Page 105 of Entwined
She’s also the one who told me about the companion prophesy to mine, that although my destiny was to destroy our people, another would be hatched, my younger sibling, who would be capable of saving us all.
“You, too? Or just the people?”
The exact wording is, He who is first hatched of flame, heir of the fire-king, shall herald the doom of all the blessed, casting them back into a darkness that shall consume them for all time and evermore.
Yeesh. “That’s pretty rough.”
But the prophecy given for Azar was, He who is last hatched among the deserters, the final remaining heir of the fire-king, shall redeem the blessed above and below, and shall cleanse them of their stain and drag them through the darkness and back into the light.
“If I’m being honest, his sounds pretty rough, too.”
He was supposed to save them. Hyperion’s voice is ragged, even in my head.
He sounds like he’s in real agony, but I don’t have time to think about consoling him. We’re diving now, right toward the cavern full of demons. “Has it occurred to you,” I shout, “that throwing me in the pit may be the very thing that dooms all of you?”
We’re doomed already, he says. Without Azar to lead us, without Azar to guide the recovery of the heart, we’ll all slowly die. You’re our last remaining hope.
“I mean, that might be a little melodramatic. The whole world hasn’t been searched. There are plenty of places it could be.”
It’s here. I can sense it.
He can’t sense anything. He has no idea what the heart even is, but I don’t bother arguing with him. It’s like arguing with a brick wall.
If a brick wall wanted to kill me and had talons, fangs, and blew liquid napalm.
“We don’t even know whether the heart really is part of the barrier. Those horned people could have been lying.” Azar said this already, but I feel like it bears repeating.
Hyperion lands, the entire shelf of obsidian that forms the floor of the former cavern trembling from the force of his weight. I’ve considered that, but. . . He sets me down. If I’m wrong, all we’ve lost is one useless human.

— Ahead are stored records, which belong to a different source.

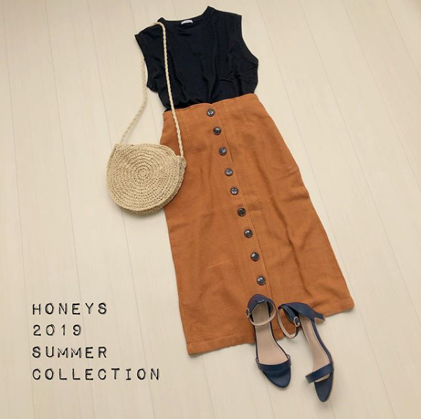 #ノースリ #Tシャツ #ナロースカート #スカートコーデ #大人スタイル #大人かわいい #サンダル #夏 #夏コーデ #summer #summerstyle #Honeys #ハニーズ #fashion #R_fashion #ootd #プチプラ #高見え #置き画 #置き画くら部 #きょコ #ハニマニ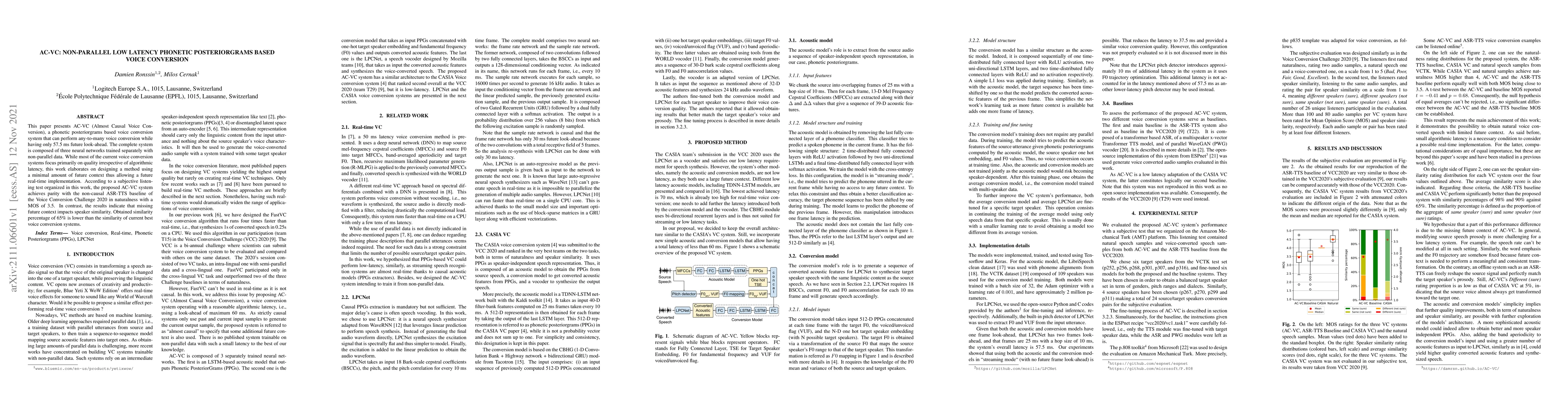 This paper introduces AC-VC, a low-latency voice conversion system using phonetic posteriorgrams with minimal future context, achieving near-real-time performance. Despite a slight drop in speaker similarity, the system matches non-causal baselines in naturalness.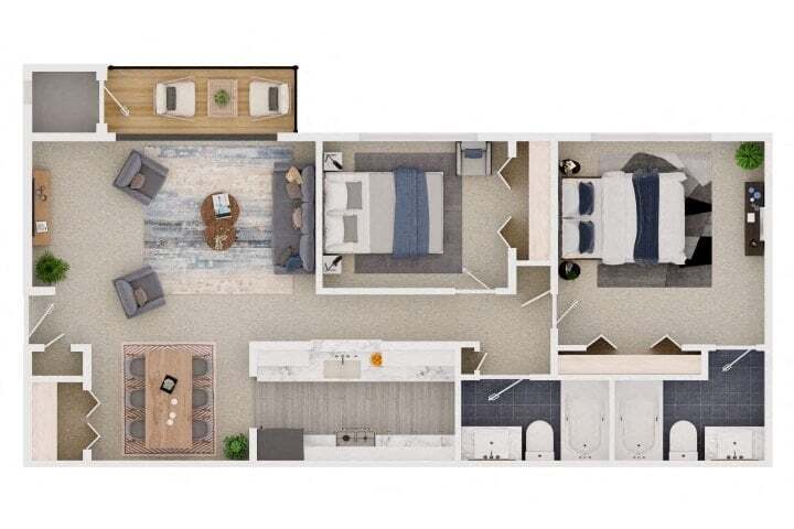 2 Dormitorios, 2 Baños, 960 pies²Galería del Modelo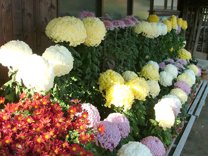 散歩の途中で菊作りの名人のお宅にお邪魔した。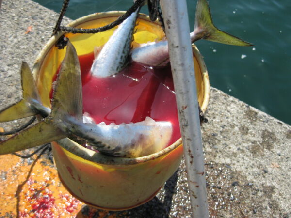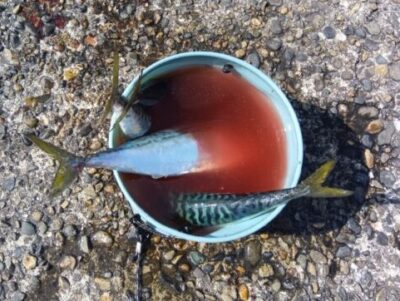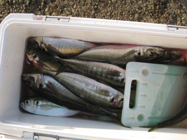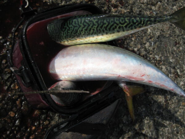 午後からはルアーでサバが釣れなくなったので遠投サビキに切り替えてサバを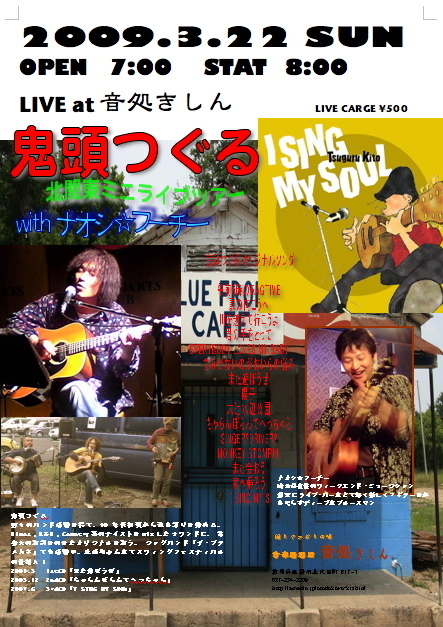 レフュッジ伊勢崎のイベントに出演します 日時:2009.3.22(日) Open15:00 Start15:30 会場:REFUGE 伊勢崎 (群馬県伊勢崎市東本町103-4 DUSTBOWL伊勢崎 TEL 0270-21-1321) http://www.dustbowl.co.jp/refuge/index.htm 料金:¥800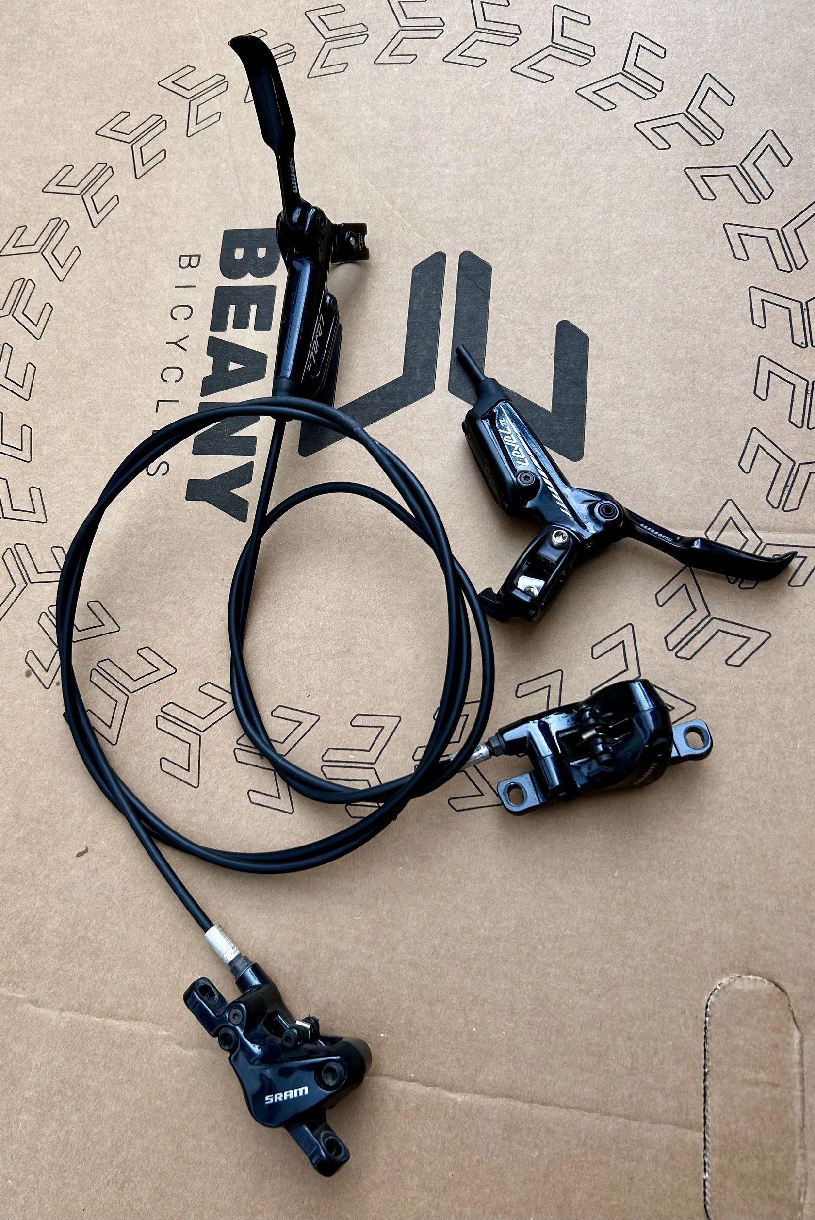 Prodám sadu brzd Sram Level TL. Přední hadice 68cm, zadní 133cm. Zadní hradice u páky ustřižená pro protažení rámem. Desky viz foto, málo najeto, včetně objímek a úchytu na řazení Sram.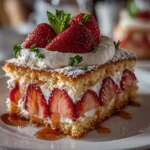 Strawberry Shortcake is a classic American dessert featuring tender shortcakes layered with fresh strawberries and whipped cream for a light and refreshing treat.

“No!” Sammy’s not hanging over the lava, like Axel said he was. He is, however, in a cage, suspended from the remaining section of ceiling in the far corner. Coral and Jade are both in the same cage, their feet dangling through the bars. I have no idea where the dragons even got such a thing—unless the other humans helped them craft it.
“It’s fine,” I say. “Don’t worry.”
Why do humans feel compelled to say that when it’s clearly not true?
A strange sort of clanging sound draws my attention to Gordon and Rufus where they’re chained with massive metal collars, the chains bolted into the ground.
“Can’t they free themselves?” I tilt my head. “Earth dragons, right?”
They wouldn’t dare to defy me, Hyperion says. The chains are to remind them that I’ve ordered them to wait here, guarding the tiny humans until you’re brought to this place.
“What if I’d died?” I ask. “Would they have simply starved up there?”
Hyperion shrugs. You’re alive.
He’s right about that, I suppose.
We were feeding them, Rufus says. Prince Axel made sure of it.
Yes, the weak Prince of the Earth was willing to defy me to defend your tiny whelps, Hyperion says. That gave me hope that he thought you might be alive. Hyperion’s smile is terrifying. But now, it’s time for you to pay for their release.
“If I walk into the lava voluntarily, you’ll release them?”
Hardly, he says. If your sacrifice fails to free the heart, we’ll try them next. But if your death retrieves it, they’re free to go.
I unsheathe my swords and lunge for him then, unwilling to simply walk like a lamb to the slaughter, especially when he’s not even willing to release my siblings for it.
He’s unprepared for me to attack, apparently, because one of my blades strikes him right in his massive chest. . .and slides right in. A massive shiver runs through him, and then he bats me away with a paw the size of a semi-truck.